Thank you for your insightful question. In the case of Figure 1, when the given goal is 9, the value 5 is not simply generated through random sampling; rather, it must be inferred by reasoning backward from the goal of 9. This backward inference is challenging for AR as it only utilizes the preceding context for its predictions. Broadly speaking, we would like to point out that there are some subgoal imbalance issues at the data level, especially in complex planning tasks where a certain action/token is determinative to the subsequent action/tokens. We show such a subgoal imbalance issue can be very challenging for AR. We have improved the description for Proposition 1 in the updated version.

Question2 "The regretful compromise" -- I fail to see what the compromise is. Can you tell me if this is you reinventing the concept of "compounding error" in [1]? If so, I am astonished that we seem to be recycling and relearning the same phenomenon every 5-7 years.

Thank you for your question. "Regretful compromise" here highlights a phenomenon: despite correctly calculating earlier steps, the model's incorrect planning forces it to make an incorrect calculation or decision at the final step in an attempt to achieve the overall goal. The model has the computational ability to find the correct solution, but because it cannot backtrack, it ends up making a mistake in trying to reach the goal. For example, in our paper, given the input “16, 4, 40, 51” and target 87, the prediction of AR is “51-40=11,16*4=64,11+64=87” while the correct solution is “16/4=4,40+51=91,91-4=87. The first two equations are calculated correctly, but the last one is incorrectly forced to equal 87. As shown in Figure 6(b), in many cases, the error rate for the last equation in AR (48.9%) is significantly higher than that of the previous equations (0.2% for the first and 7.2% for the second). This indicates that the model's lack of planning capability results in its realization of being unable to achieve the goal only at the end. By that point, it cannot correct the previous errors, leading it “regretfully” to rely on incorrect equations to reach the goal (e.g., the number 87 in the above case).

"Compounding error" refers to the accumulation of small prediction errors over sequential steps, leading to a divergence from the expected trajectory, so it is more like a general cause, whereas "regretful compromise" here is the specific phenomenon we observe specifically in the goal-conditioned planning tasks when the model, unable to backtrack, makes a compromise at the final step due to the incorrect intermediate planning.

评论

Question3: Looking at Eq (8), which is a per-token loss reweighting -- it seems that we can apply per-token loss reweighting, too.
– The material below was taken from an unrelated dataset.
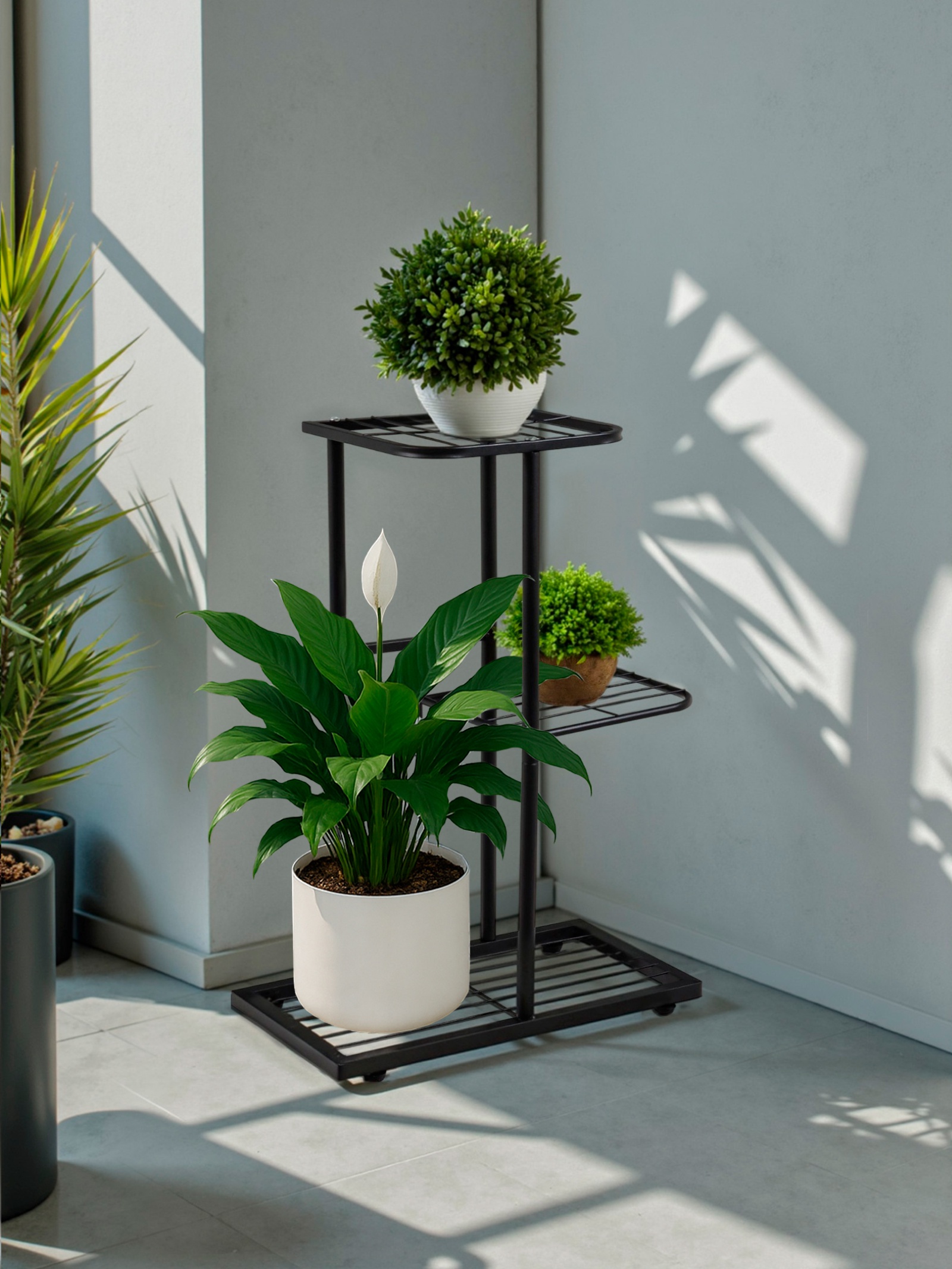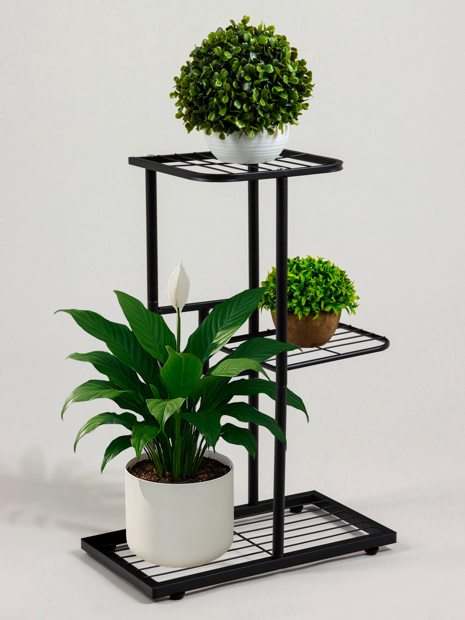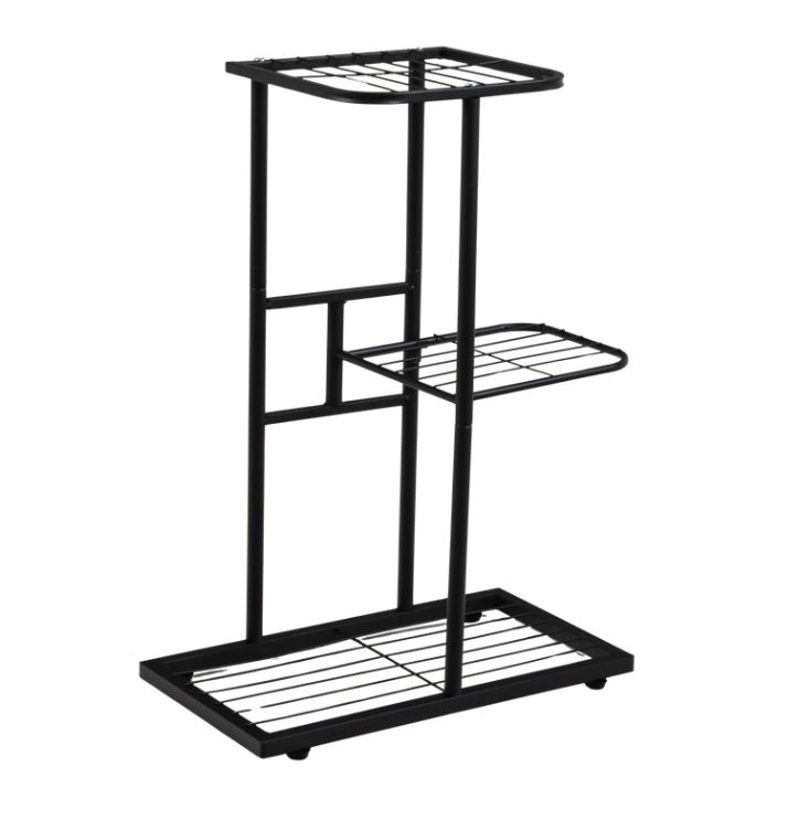 Напольная подставка для цветов с тремя полками станет стильным и функциональным дополнением интерьера. Её лаконичный дизайн и чёрный оттенок гармонично впишутся в современное пространство, подчеркнув эстетику комнаты или офиса. Устойчивая металлическая конструкция обеспечивает надёжность и долговечность, а три уровня полок позволяют эффектно разместить растения, книги или декоративные элементы.

Can the authors comment on whether per-token loss reweighting can help AR, too (address the issue discussed in Proposition 1)?

Thank you for raising this point. Per-token loss reweighting is indeed a technique that can be applied to AR models. However in our experiments, applying token reweighting to AR models still cannot solve subgoals with PD>1 (accuracy around 50%), similar to the original AR. The core issues highlighted in Proposition 1 still exist in AR with token reweighting:

  • Lack of planning for future tokens: Due to causal masking, AR models generate each token based solely on preceding tokens. Even with reweighted losses, this limitation prevents them from considering future context, which is essential for effective planning in tasks with token dependencies.
  • Inability to revise past tokens: In tasks where tokens are interdependent, adjusting one token may affect others. AR models struggle with this because they cannot revisit and modify past outputs, whereas diffusion models can iteratively refine the entire sequence, allowing for adjustments across all tokens.
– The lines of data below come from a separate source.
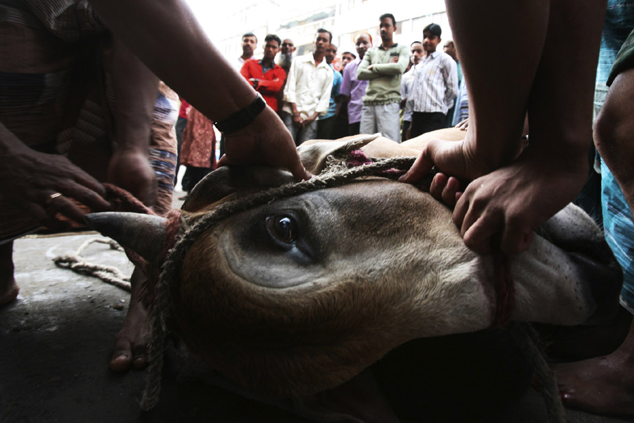 11月28日,世界各國的穆斯林迎來傳統節日“宰牲節”。圖為孟加拉的穆斯林在宰牲節上宰殺牲畜。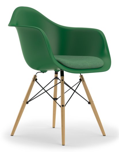 Eames Plastic Armchair RE DAW, Smaragd, Mit Sitzpolster, Grün / elfenbein, Standardhöhe - 43 cm, Ahorn gelblich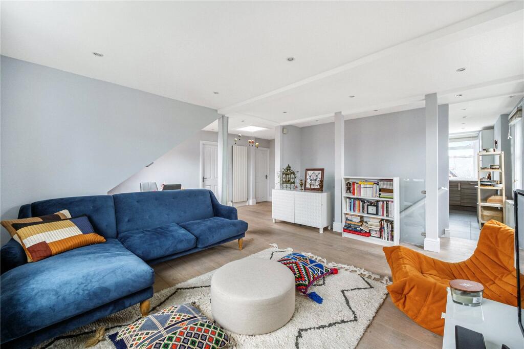 A beautifully appointed top floor apartment with three bedrooms, separate kitchen and large open plan reception room/dining area.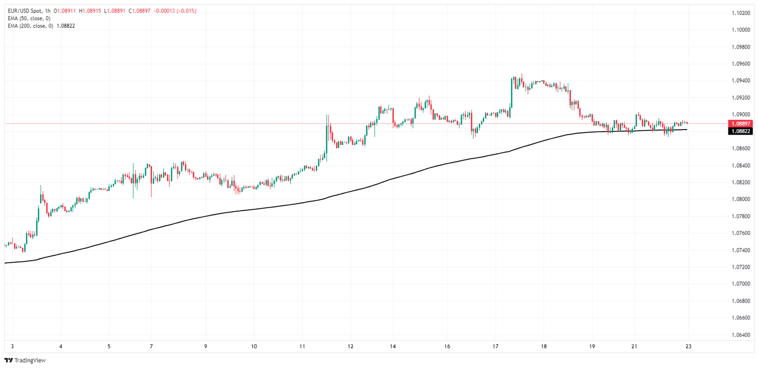 EUR/USD traded tightly with near-term technical levels on Monday, cycling just north of the 200-hour Exponential Moving Average (EMA) at 1.0882. The Fiber has pulled back from recent highs set just shy of 1.0950 as Greenback bidding eases further back but the top end remains close by.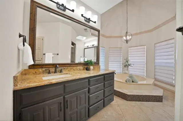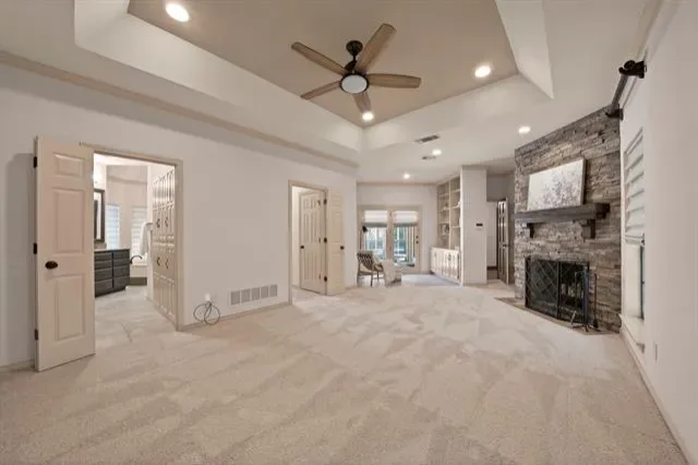 The spacious primary suite features its own fireplace, sitting area or library space, and a romantic ensuite bath, with direct access to the patio and pool.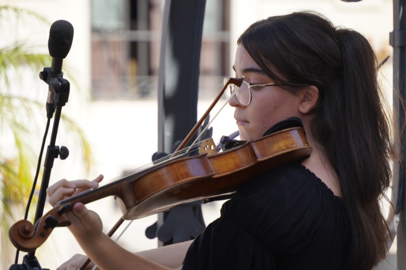 El homenaje también contó con un momento musical, protagonizado por dos integrantes del Conservatorio de Música de Ceuta, quienes interpretaron una pieza al inicio del evento.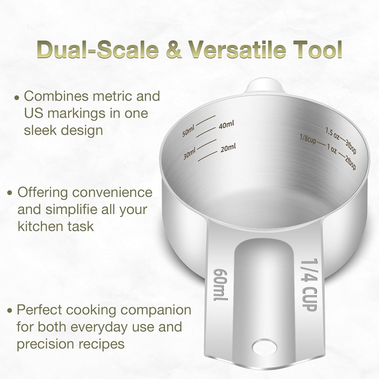 1PCS 1/4Cup (60ml, 2oz) Single Measuring Cup, Etched Inner Scale Stainless Steel Measure Scoop, Metric and US Measurement, Dishwasher Safe

We have included the experiment in the revised manuscript in Appendix D.2.

Planning DistanceARAR with token reweighting
0100100
1100100
251.152.1
346.951.5
452.050.3
549.951.9
评论

Dear Reviewer,

We would like to first express our sincere gratitude for your time and effort in reviewing our paper, and we truly appreciate your constructive feedback regarding our work.

As the author-reviewer discussion period is coming to a close, we wonder if you could kindly share some of your thoughts so we can keep the discussion rolling to address your concerns if there are any. We are eager to address any additional questions or issues you may have.

We would greatly appreciate it if you would consider adjusting the score based on our responses and the other review comments.

Thank you once again for your constructive feedback!

Sincerely,

The Authors

评论

Dear Reveiwer SUNs,

We would like to thank you again for your detailed reviews. Since the rebuttal deadline is approaching soon (Dec 2 AoE), we would appreciate it if you could kindly share some of your thoughts so we can keep the discussion rolling to address your concerns if there are any.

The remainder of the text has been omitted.